Figure 19.33. Cutaneous malignant schwannoma consisting of higher cellular region formed past round and polygonal cells with hyperchomatic nuclei (referred to as Antoni A pattern).

Figure nineteen.34. Cutaneous cancerous schwannoma consisting of spindle-shaped or pleomorphic cells supported by poorly-stained edematous or myxomatous matrix area including cystic spaces (referred to equally Antoni B pattern).

6.4.ii Neural Crest Tumor (Possible Amelanotic Melanoma)

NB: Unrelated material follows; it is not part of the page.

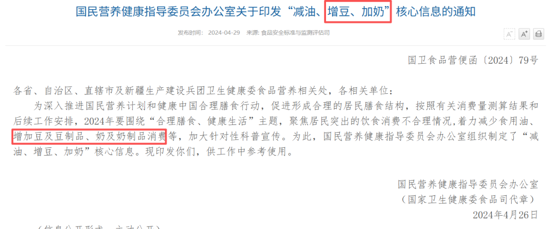 [5]国民营养健康指导委员会办公室. 关于印发"减油、增豆、加奶"核心信息的通知(国卫食品营便函〔2024〕79号)[Z].北京: 食品安全标准与监测评估司, 2024-04-29.

In rats, Neural crest tumors most unremarkably occur on the pinna. This tumor is detectable grossly as a thickened peel or nodule on the pinna. Larger masses may exceed several centimeters in bore and extend into the soft tissue of the head, with ulceration, tissue necrosis and hemorrhage. Many cases evidence histologic bear witness of malignancy such as local invasion and a number of mitoses; metastasis to the lung may occur. Neural crest tumors consist predominantly of interlacing bundles of circular or fusiform cells and intermingled collagens (Figure 19.35); immunohistochemistry, tumor cells stain strongly positive for S-l00 protein. Considering of these histopathological features, the neural crest tumor has been diagnosed as schwannoma, neurofibroma or neurofibrosarcoma. Nevertheless, some parts of this tumor are quite similar histologically to the blue nevus (unpigmented melanoma) or desmoplastic melanoma of humans. The neural crest tumor has ultrastructural features of melanotic cells including interdigitating cytoplasmic processes, desmosomes betwixt cells, and numerous premelanosomes. The presence of premelanosomes has not been reported in PNSTs. Based on these findings, the neural crest tumor is regarded equally amelanotic melanoma in albino rats. Information technology is important to remember that cancerous schwannoma, fibrosarcoma and MFH may have areas of interlacing bundles similar to this neural crest tumor; therefore, the differential diagnosis should be made carefully when the light microscopy only is used. When neural crest tumors occur in other sites, there may be areas consisting of polygonal or epitheloid cells which are characteristic of amelanotic melanoma. Masson-Fontana stain and staining for tyrosinase-related protein 2 (TRP-2) may exist useful for the demonstration of melanosomes. In addition to the ear pinna, the predilection sites for amelanotic melanomas in rats include eyelid, iris, scrotum, and perianal area.

Figure nineteen.35. Neural crest tumor arising in the pinna (an asterisk indicates pre-existing cartilaginous tissue in the pinna). Pleomorphic neoplastic cells form interlacing growth pattern with various corporeality of collagen fibers.